L’été passé, j’en ai fait l’expérience un peu malgré moi. Je suis parti voyager autour du monde pendant quatre mois, en étant presque totalement déconnecté (simplement car la data à l’étranger coûte cher). Ce n’était pas toujours une partie de plaisir. Au début, le manque est physique ; on cherche son téléphone au moindre moment de vide. Mais passée cette phase de sevrage, j’ai réalisé à quel point notre pensée est fragmentée par le bourdonnement permanent des notifications. On redécouvre une forme de profondeur que l’on pensait disparue.

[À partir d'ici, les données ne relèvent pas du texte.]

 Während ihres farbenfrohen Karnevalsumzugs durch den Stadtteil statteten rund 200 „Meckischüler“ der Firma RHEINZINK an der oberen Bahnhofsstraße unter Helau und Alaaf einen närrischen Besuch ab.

En pleine détox numérique en Bolivie
Moi en pleine détox numérique en Bolivie au beau milieu du Salar d’Uyuni

Si l’envie de débrancher vous prend, ne vous fixez pas des objectifs impossibles si vous ne pouvez pas partir aussi longtemps. Une « déconnexion » peut commencer par des gestes modestes mais symboliques : laisser son téléphone dans une autre pièce le temps d’un dîner, s’autoriser une promenade sans écouteurs pour écouter la ville ou la nature, ou simplement résister à la tentation de transformer un moment précieux entre amis en « contenu » pour l’algorithme.

Dans un monde construit pour la capture, l’analyse et le partage constants de chaque seconde de nos vies, laisser quelque chose exister uniquement dans l’instant présent, sans témoin numérique, est peut-être la forme de résistance la plus radicale et la plus réparatrice qui soit.